The amount of data sent to earth by meteorological satellites increases with each new satellite generation. These data are used by scientists, researchers, the interested public, and are assimilated to forecasting models, but become more difficult to use as technology allows for higher spatial and spectral resolutions. These datasets are usually provided to users in new file formats with multiple wavelengths, levels of calibration, polarization, and resolutions which can require new complicated software to read. Additionally, scientific analysis typically requires compositing various channels, reprojecting or interpolating, and writing to various file formats to suit the needs of the user. A new python library was created called SatPy for anyone who wants to work with satellite data and do it quickly and easily. SatPy is developed by a group of scientists and developers from around the world known as PyTroll; a group that has existed now for more than 7 years.

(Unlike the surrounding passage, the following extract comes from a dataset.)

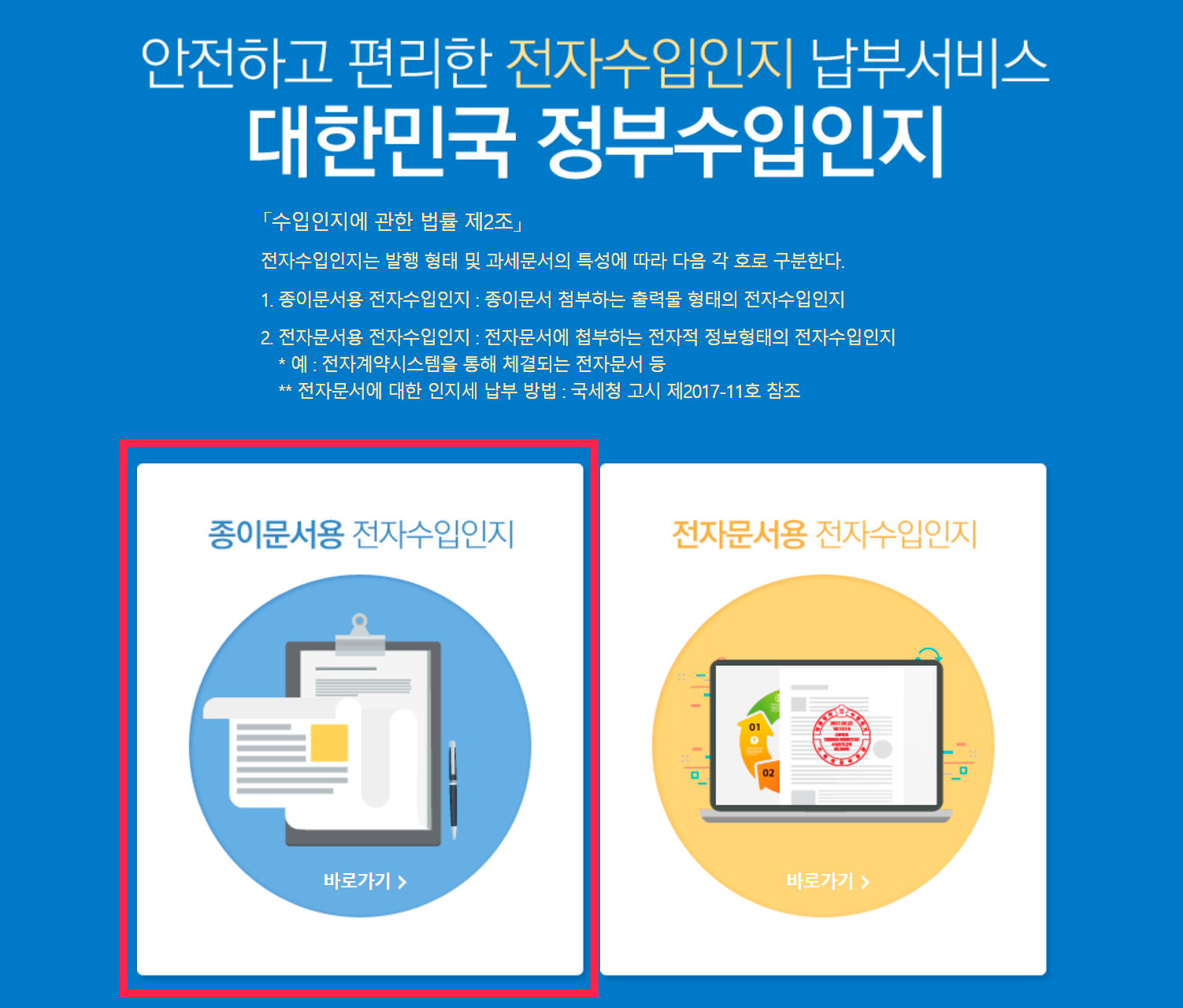 사이트에 접속하면 용도에 따라 종이문서용과 전자문서용 수입인지가 구분되어 있습니다. 등기소에 프린트한 서류들을 제출해야 하기 때문에 종이문서용 전자수입인지를 클릭해 주세요.
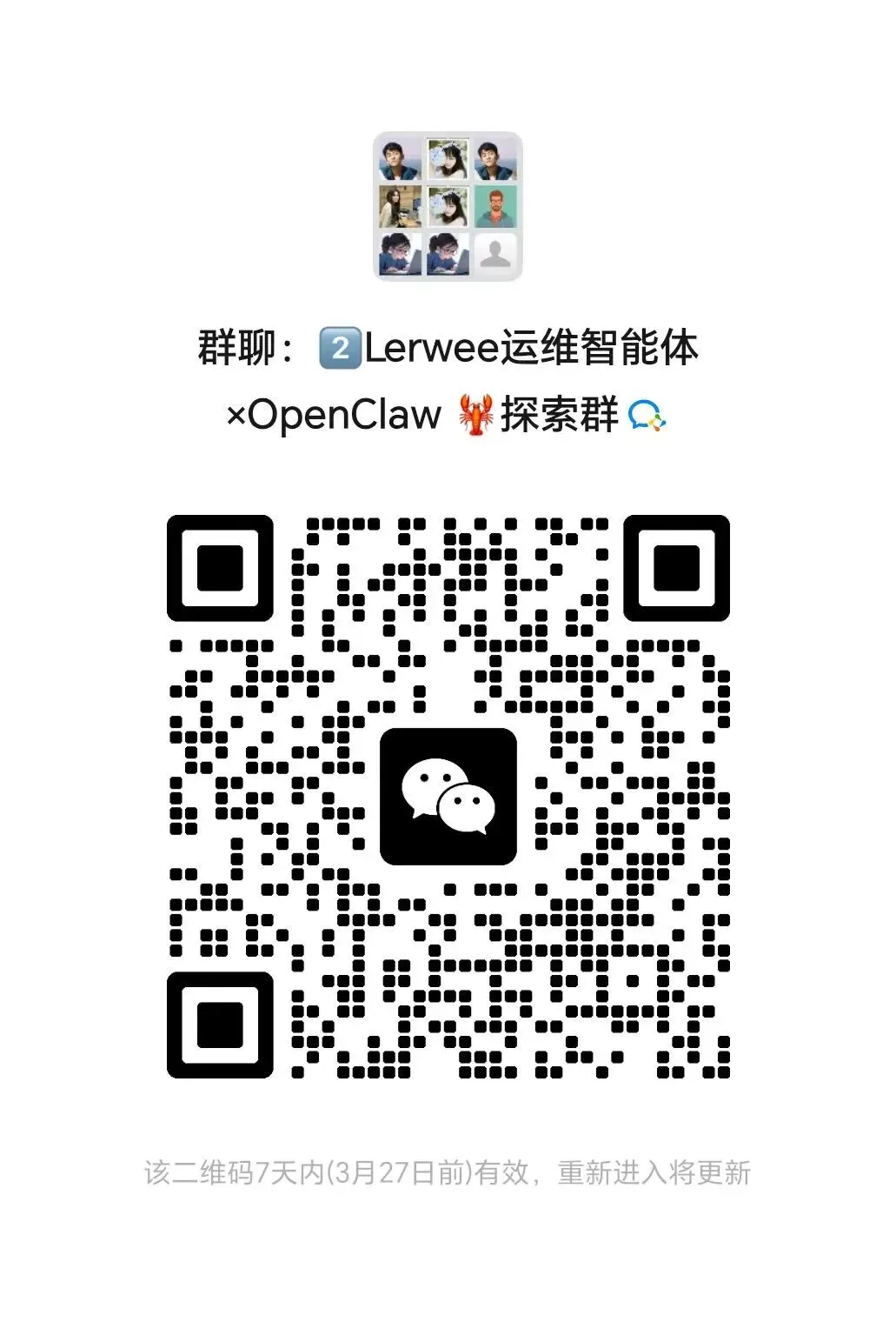Lerwee 运维智能体依托智能监控、根因分析等能力,打造出运维的「认知大脑」,提供精准可靠的决策支撑;OpenClaw 则是能真正落地执行的 AI 智能体,可把自然语言指令直接变成真实运维操作,成为 AI 落地的「数字之手」。二者深度融合——LerweeClaw,彻底打破工具间的协作壁垒,实现从发现问题→分析问题→解决问题的全流程自动化闭环,真正重构运维效率,解放运维人力!

SatPy is able to read over 30 different satellite data file formats from geostationary and polar-orbiting satellites and from various data sources. It provides multiple resampling algorithms, various RGB recipes that work across multiple sensors, and can write multiple image and data formats including GeoTIFF and NetCDF. SatPy provides common interfaces and data structures regardless of what data is being worked with and benefits from the dimension and coordinate handling of the XArray library. By leveraging the parallelization made available in the Dask library, SatPy is able to quickly process large arrays of satellite data that would normally not be possible on traditional user workstations. SatPy can be used as an interactive research tool or used as a stable operational processing library as many meteorological agencies and organizations are doing now. This talk will provide a detailed overview of SatPy’s features by first describing what use cases lead to its development and how SatPy accomplishes these historically complex tasks in only a few lines of Python. By providing all of this functionality and generating products in a free and open source software package we hope SatPy will become the go-to library for working with satellite data.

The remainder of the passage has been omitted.